• _What the task asks_
Find the line containing "RENFE, 4-achs. Autotransportwagen" in the records below. Copy exactly that line and each one after it, ending at the line containing "napisao je on.", and nothing more.

++++ Data in this exercise

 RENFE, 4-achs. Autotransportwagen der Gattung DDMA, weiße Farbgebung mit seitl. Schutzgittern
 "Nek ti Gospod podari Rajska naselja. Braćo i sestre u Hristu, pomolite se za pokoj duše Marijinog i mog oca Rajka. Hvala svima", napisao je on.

++++++++
++++ Data in this exercise

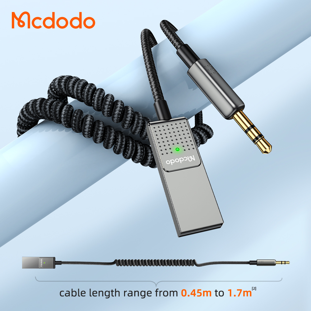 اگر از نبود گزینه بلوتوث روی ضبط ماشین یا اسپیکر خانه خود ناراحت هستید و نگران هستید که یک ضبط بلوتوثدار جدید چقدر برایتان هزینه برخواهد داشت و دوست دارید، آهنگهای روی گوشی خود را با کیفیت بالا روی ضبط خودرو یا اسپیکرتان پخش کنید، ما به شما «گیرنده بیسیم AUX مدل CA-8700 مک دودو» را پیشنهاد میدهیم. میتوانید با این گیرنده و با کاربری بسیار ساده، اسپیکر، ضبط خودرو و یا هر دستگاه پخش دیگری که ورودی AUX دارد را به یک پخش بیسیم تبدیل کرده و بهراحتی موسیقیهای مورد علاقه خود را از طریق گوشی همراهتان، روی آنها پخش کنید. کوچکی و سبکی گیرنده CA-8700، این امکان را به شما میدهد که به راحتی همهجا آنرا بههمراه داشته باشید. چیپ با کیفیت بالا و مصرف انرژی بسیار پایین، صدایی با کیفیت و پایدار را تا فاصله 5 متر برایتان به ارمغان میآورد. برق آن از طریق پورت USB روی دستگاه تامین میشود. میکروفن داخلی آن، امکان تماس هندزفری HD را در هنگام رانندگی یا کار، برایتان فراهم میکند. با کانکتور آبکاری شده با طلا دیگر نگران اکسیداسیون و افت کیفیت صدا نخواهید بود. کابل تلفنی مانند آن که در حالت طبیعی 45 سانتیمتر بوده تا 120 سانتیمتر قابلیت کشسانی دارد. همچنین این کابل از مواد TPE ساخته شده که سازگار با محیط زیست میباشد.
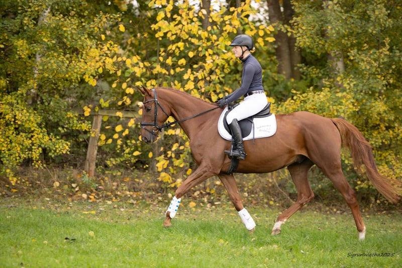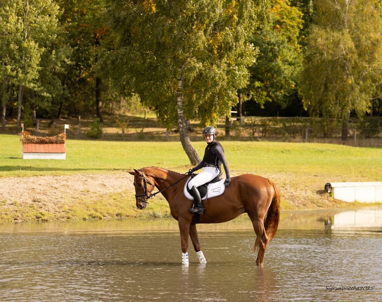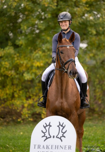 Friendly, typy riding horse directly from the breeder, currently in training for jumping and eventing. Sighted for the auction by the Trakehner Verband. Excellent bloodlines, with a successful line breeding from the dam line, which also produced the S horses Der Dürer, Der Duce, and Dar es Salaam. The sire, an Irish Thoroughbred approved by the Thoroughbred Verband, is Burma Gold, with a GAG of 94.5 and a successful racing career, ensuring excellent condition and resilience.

++++++++

• _Result_
 RENFE, 4-achs. Autotransportwagen der Gattung DDMA, weiße Farbgebung mit seitl. Schutzgittern
 "Nek ti Gospod podari Rajska naselja. Braćo i sestre u Hristu, pomolite se za pokoj duše Marijinog i mog oca Rajka. Hvala svima", napisao je on.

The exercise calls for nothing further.